Hi Juergen,
On 19/05/2021 13:50, Juergen Gross wrote:
On 19.05.21 14:33, Julien Grall wrote:
On 19/05/2021 13:32, Julien Grall wrote:
Hi Juergen,
On 19/05/2021 10:09, Juergen Gross wrote:
On 18.05.21 20:11, Julien Grall wrote:
I have started to look at preserving transaction accross Live-update
in
C Xenstored. So far, I managed to transfer transaction that
read/write existing nodes.
Now, I am running into trouble to transfer new/deleted node within a
transaction with the existing migration format.
C Xenstored will keep track of nodes accessed during the transaction
but not the children (AFAICT for performance reason).

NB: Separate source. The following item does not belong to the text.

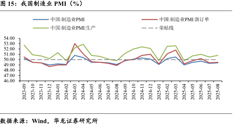2025年8月,我国制造业PMI为49.4%,环比+0.1pct,制造业景气水 平有所改善。生产指数为50.8%,连续4个月位于扩张区间,且增速加快, 表明制造业生产韧性较强。新订单指数为49.5%,虽仍处收缩区间,但小 幅回升,说明市场需求有所回暖,但基础尚不牢固,“需求不足”的矛盾依 然存在。产需对比看,生产指数高于新订单指数,一定程度上反映当前市 场需求恢复仍滞后于生产供给。

Not performance reasons, but because there isn't any need for that:
The children are either unchanged (so the non-transaction node records
apply), or they will be among the tracked nodes (transaction node
records apply). So in both cases all children should be known.
In theory, opening a new transaction means you will not see any
modification in the global database until the transaction has been
committed. What you describe would break that because a client would
be able to see new nodes added outside of the transaction.
However, C Xenstored implements neither of the two. Currently, when a
node is accessed within the transaction, we will also store the names
of the current children.
To give an example with access to the global DB (prefixed with TID0)
and within a transaction (TID1)
1) TID0: MKDIR "data/bar"
2) Start transaction TID1
3) TID1: DIRECTORY "data"
-> This will cache the node data
4) TID0: MKDIR "data/foo"
-> This will create "foo" in the global database
5) TID1: MKDIR "data/fish"
-> This will create "fish" inthe transaction
5) TID1: DIRECTORY "data"
-> This will only return "bar" and "fish"
If we Live-Update between 4) and 5). Then we should make sure that
"bar" cannot be seen in the listing by TID1.
I meant "foo" here. Sorry for the confusion.
Therefore, I don't think we can restore the children using the global
node here. Instead we need to find a way to transfer the list of known
children within the transaction.
As a fun fact, C Xenstored implements weirdly the transaction, so TID1
will be able to access "bar" if it knows the name but not list it.
And this is the basic problem, I think.
C Xenstored should be repaired by adding all (remaining) children of a
node into the TID's database when the list of children is modified
either globally or in a transaction. A child having been added globally
needs to be added as "deleted" into the TID's database.
IIUC, for every modifications in the global database, we would need to
walk every single transactions and check whether a parent was accessed.
Am I correct?
If so, I don't think this is a workable solution because of the cost to
execute a single command.
Is it something you plan to address differently with your rework of the DB?